It’s July and it’s getting hot out there! Here’s a look at new releases and other news to keep you cool:
• Already out: Diana López, author of Choke, has a new book for young readers, Ask My Mood Ring How I Feel, about a young girl coping with her mother’s cancer.
• In Blood Tango by Annamaria Alfieri, the Argentine police is looking for a killer who may have wanted to murder Eva Peron.
• A Spanish family faces a curse in which the women suffer doomed loved affairs in Cristina Lopez Barrio’s The House of Impossible Loves.
• Marta Acosta, author of the Casa Dracula books, has written the novel The She-Hulk Diaries, about the female Incredible Hulk.
• Rubén Martínez’s Crossing Over: A Mexican Family on the Migrant Trail, which follows a family that immigrates from Mexico to America, has been reissued with a new afterword. His book Desert America: A Journey Through Our Most Divided Landscape, which explores the changes in the American West, is now out in paperback.
• July 9: In Lotería: A Novel, Mario Alberto Zambrano uses a piece of Mexican culture to convey the story of one family’s tragedy.
• July 16: Reporter Nola Céspedes, who first appeared in Joy Castro’s Hell or High Water, is back in Nearer Home, investigating the murder of her former journalism professor.
• The 2013 International Latino Book Award winners include Carmen Tafolla’s Rebozos, Leila Cobo’s The Second Time We Met, Pat Mora’s The Beautiful Lady: Our Lady of Guadalupe, Malin Alegria’s Border Town #1: Crossing the Line, Joy Castro’s Island of Bones, the Las Comadres Para Las Americas anthology Count on Me: Tales of Sisterhood and Fierce Friendships and Reyna Grande’s The Distance Between Us.
• Winners of the 25th annual Lambda Literary Awards, according to The Wall Street Journal, include Cherrie Moraga, who received the Pioneer Award, and Benjamin Alire Saenz, who won awards for his books, Everything Begins and Ends at the Kentucky Club and Aristotle and Dante Discover the Secrets of the Universe.
• Puerto Rican Eduardo Lalo won the 2013 International Rómulo Gallegos Prize for Fiction, one of Latin America’s most prestigious literary awards.
• The Comadres and Compadres Writers Conference will take place Oct. 5 at Medgar Evers College in Brooklyn, N.Y. The event will include panelists and one-on-one sessions with agents and editors.
• Lee & Low Books has opened submissions for its New Voices Award, given to an unpublished children’s book written by a writer of color.
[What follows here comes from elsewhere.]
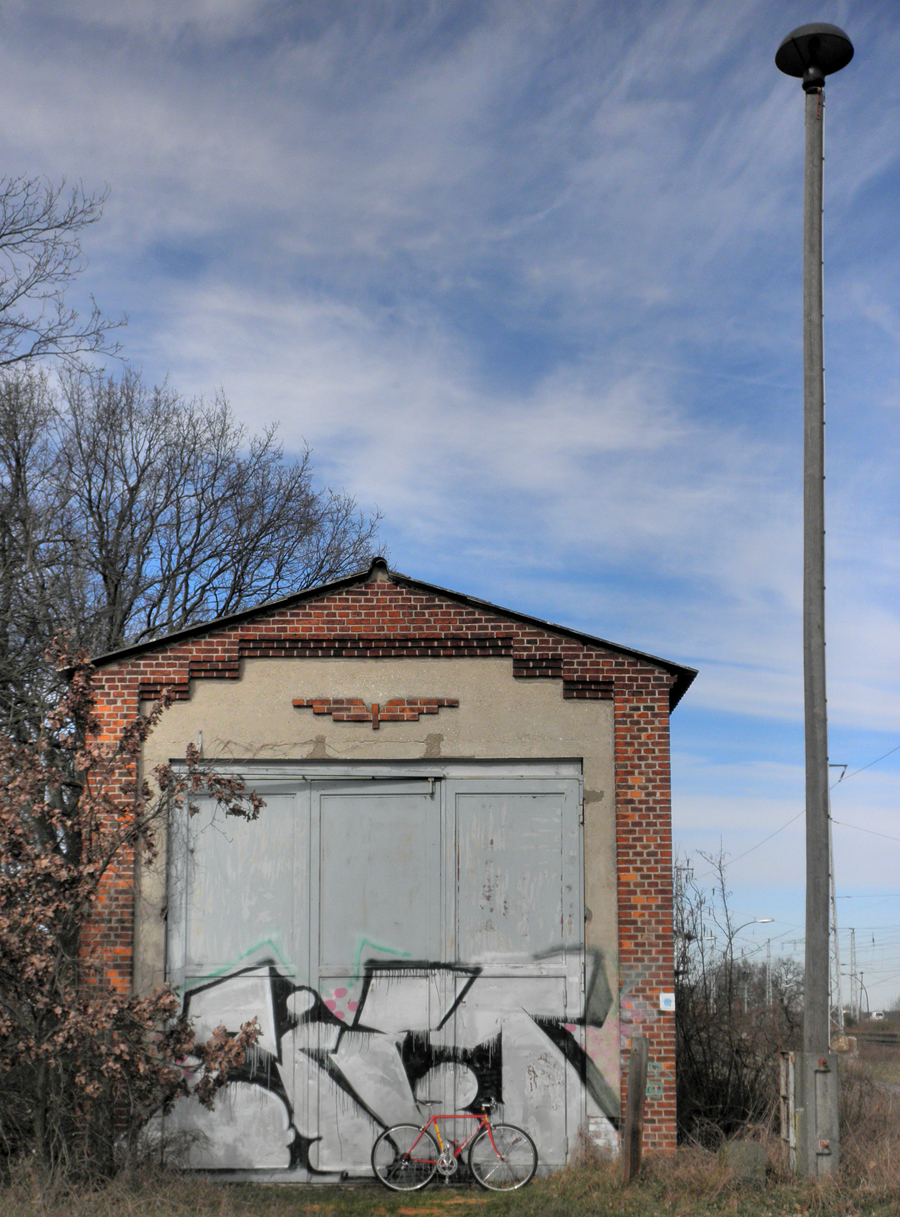 Nun fahre ich nach Nauen zurück, teils nehme ich andere Wege, damit es nicht langweilig wird. Zwischendurch esse ich Lyoner aus der Dose, meine eiserne Ration, immerhin Bio. Die Sonne steht schon lange tief. Es ist aber nicht kalt, so um 6, 7 Grad. Ich muß aufpassen, daß ich nicht schwitze. Konstant mit mäßigem Tempo fahren. Die Wege kenne ich. Züge nach Berlin fahren jede 20 Minuten. Keine Eile, und ich geniesse noch den letzten Sonnenschein eines schönen Tages.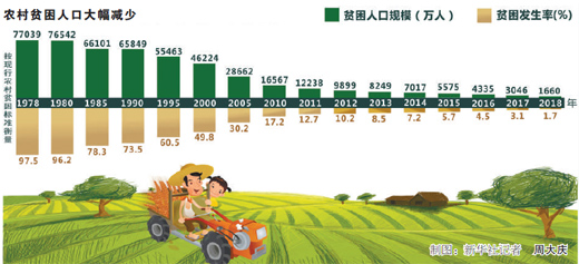 以现行标准衡量,1978年末我国农村贫困发生率高达97.5%,农村贫困人口7.7亿人,而截至2018年底,只剩下1660万人未脱贫。2013—2018年6年来,农村累计减贫8239万人,连续6年平均每年减贫1300多万人。“中国贫困人口的减少规模和速度是人类历史上绝无仅有的。”中国人民大学中国扶贫研究院院长汪三贵说。

Deadline is Sept. 1.
• The new website Latinas for Latino Literature have created a summer reading program for children. NPR focused on the issue of diversity in children’s literature, and Publishers Weekly noted the First Book organization is trying to expand the market with The Stories for All Project.
• La Casa Azul Bookstore, the East Harlem, N.Y., bookstore run by Aurora Anaya Cerda that specializes in Latino literature, has had a busy summer. It celebrated its first anniversary in June, was honored by The White House for its crowdfunding efforts and was featured in Fox News Latino.
• The latest investigation into the death of Chilean poet Pablo Neruda may have found a potential killer, says ABC News.
• Alisa Valdes has started a Kickstarter campaign to raise money for the movie version of her novel The Dirty Girls Social Club.
• Publishing Perspectives profiled El Paso-based Cinco Puntos Press, which publishes books by Benjamin Alire Saenz and Joe Hayes.
• The San Antonio Express-News covered a celebration by Tony Diaz’s Librotraficantes that stopped an anti-ethnic studies bill in the Texas Legislature this spring.
• Some news about Carlos Fuentes: The FBI had a dossier on the Mexican novelist, reports the Los Angeles Times, and his books are now available on e-readers, according to Publishers Weekly.
• Sandra Cisneros discussed Latinos in entertainment and other topics on NBC Latino’s Cafecito.
• Alex Espinoza, author of The Five Acts of Diego Leon, talked to the LA Review of Books.
• NPR profiled children’s singer and author Jose Luis Orozco.